Along with the evaluation-feedback of your training sets you should hence also evaluate the validation set, however without giving feedback to your neural network (NN).
Track the decrease in MSE for training as well as validation sets; generally training error will steadily decrease, whereas, at some point, the validation error will reach a minimum and start to increase with further training. Of course, you cannot know during runtime where this minima occurs, so generally one stores the NN with the lowest validation error, and after this has seemingly not been updated in some time (i.e., in error retrospect: we've passed a minima in validation error), the algorithm is terminated.
See e.g. the following article Neural Network: Train-validate-Test Stopping for details, as well as this SE-statistics thread discussing two different validation methods.
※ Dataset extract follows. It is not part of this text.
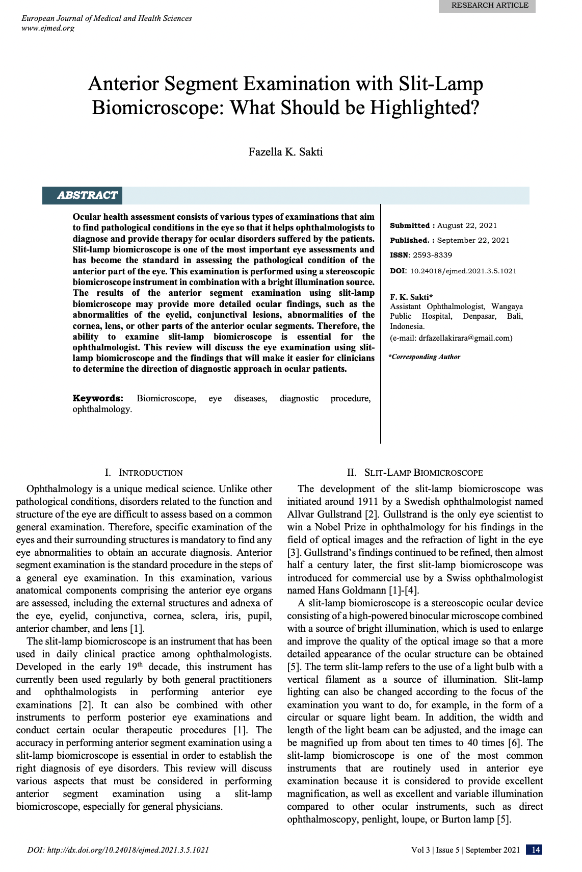 D. Brandner, S. R. Montezuma, J. Yamanuha. (August 2021). “Slit Lamp Examination,” American Academy of Ophthalmology [Online]. Available: https://eyewiki.aao.org/Slit_Lamp_Examination.
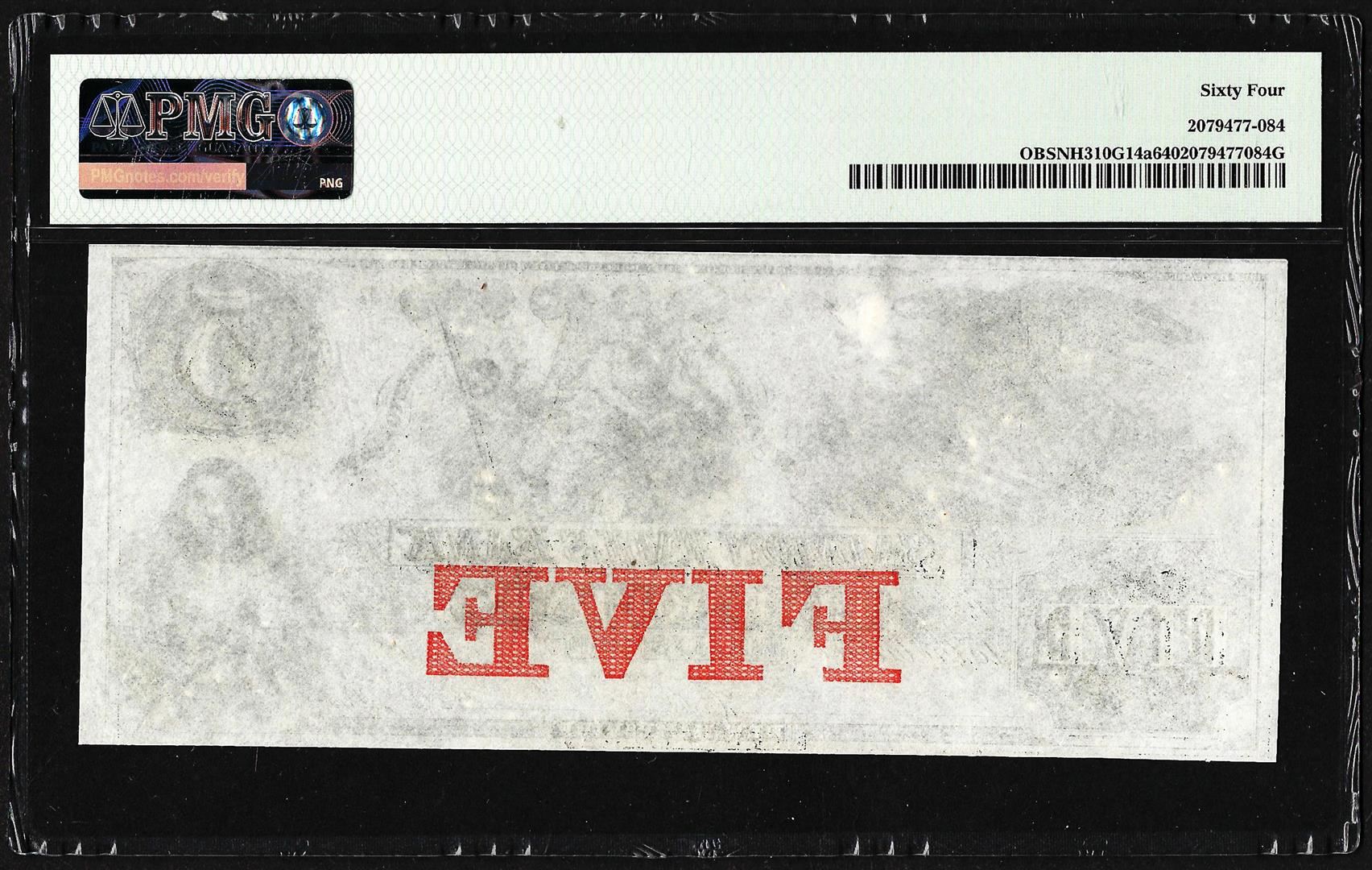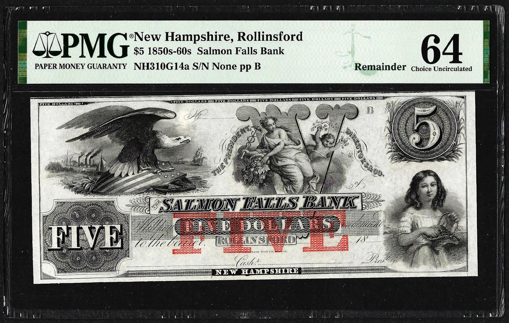 One 1860's $5 Salmon Falls Bank Rollinsford, NH Obsolete Note PMG Superb Gem Uncirculated 64. PMG Certified.

For the training/validation of Deep Autoencoders/Deep Learning, specifically w.r.t. overfitting, I find the article Dropout: A Simple Way to Prevent Neural Networks from Overfitting (*) to be valuable.
(*) By H. Srivistava, G. Hinton, A. Krizhevsky, I. Sutskever, R. Salakhutdinov, University of Toronto.
Is anyone here who is familiar with echo state networks? I created an echo state network in c#. The aim was just to classify inputs into GOOD and NOT GOOD ones. The input is an array of double numbers. I know that maybe for this classification echo state network isn't the best choice, but i have to do it with this method.
My problem is, that after training the network, it cannot generalize. When i run the network with foreign data (not the teaching input), i get only around 50-60% good result.
More details: My echo state network must work like a function approximator. The input of the function is an array of 17 double values, and the output is 0 or 1 (i have to classify the input into bad or good input).
So i have created a network. It contains an input layer with 17 neurons, a reservoir layer, which neron number is adjustable, and output layer containing 1 neuron for the output needed 0 or 1. In a simpler example, no output feedback is used (i tried to use output feedback as well, but nothing changed).
The inner matrix of the reservoir layer is adjustable too. I generate weights between two double values (min, max) with an adjustable sparseness ratio. IF the values are too big, it normlites the matrix to have a spectral radius lower then 1. The reservoir layer can have sigmoid and tanh activaton functions.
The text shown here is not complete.